Four hours before the restaurant industry’s main source of federal relief funds was set to expire, the Senate unanimously voted to keep the Paycheck Protection Program (PPP) alive for another five weeks, noting that $130 billion was still available for loans.
The extension bill now moves to the House of Representatives, which would have to pass it in a flash because the chamber is set to recess for the July 4th holiday. President Trump would almost certainly sign the measure into law because of its unanimous support in the Republican-controlled Senate.
But the benefits of the bill’s renewal were clouded for restaurants by testimony in the House earlier on Tuesday by Secretary of the Treasury Steve Mnuchin. The PPP is operated by the Small Business Administration, a part of Treasury. Asked what would happen to the billions of dollars that would remain in the PPP if it was allowed to sunset, Mnuchin said he was considering a repurposing of the funds to help specifically the industries that have been hardest hit by the coronavirus pandemic.

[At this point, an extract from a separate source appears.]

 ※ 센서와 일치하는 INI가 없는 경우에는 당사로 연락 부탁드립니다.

The examples he cited were the restaurant and lodging businesses.
“We would anticipate that any additional relief would be targeted to certain industries that have been especially hard-hit by the pandemic, with a focus on jobs and putting all American workers who lost their jobs, through no fault of their own, back to work,” Mnuchin testified.
About $520 billion in low-interest loans have already been extended under the PPP, which was created early in the pandemic to help small businesses stay afloat while they were shut down for public safety reasons.

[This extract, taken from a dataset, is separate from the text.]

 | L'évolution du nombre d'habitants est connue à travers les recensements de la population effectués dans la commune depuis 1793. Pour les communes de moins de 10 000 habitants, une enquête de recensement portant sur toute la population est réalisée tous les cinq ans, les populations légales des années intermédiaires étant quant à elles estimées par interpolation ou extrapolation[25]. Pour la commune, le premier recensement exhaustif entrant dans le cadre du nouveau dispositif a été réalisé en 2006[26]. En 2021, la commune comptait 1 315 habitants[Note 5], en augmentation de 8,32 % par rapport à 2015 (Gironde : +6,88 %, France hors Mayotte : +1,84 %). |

Mnuchin’s appearance before the House Committee on Financial Services came as members of both Congressional chambers were airing ideas about what might be included in the next federal relief package if there is one. Senate Majority Leader Mitch McConnell, R-Ky., has said he’d favor a “pause” to assess how the effectiveness of the relief that’s been extended to date.
Not all members of his party are in alignment with McConnell. Sen. Mark Rubio of Florida, for instance, has called for a new bill that’s more narrowly focused on small businesses in areas that have been particularly hard hit by the economic fallout of the pandemic. He suggested that the money could be distributed by zip codes.
Other senators have suggested that future aid only be granted to businesses that can demonstrate a severe loss of revenues.
The Independent Restaurant Coalition (IRC), a group formed during the pandemic to help independent businesses, is championing a bill that would channel $105 billion specifically to the restaurant industry.
The National Restaurant Association aired a “blueprint” for recovery months ago that calls for the government to provide aid totaling $240 billion, or what the industry is projected to lose this year because of forced dining-room shutdowns and directives for consumers to stay home. It also supports the IRC’s relief proposal.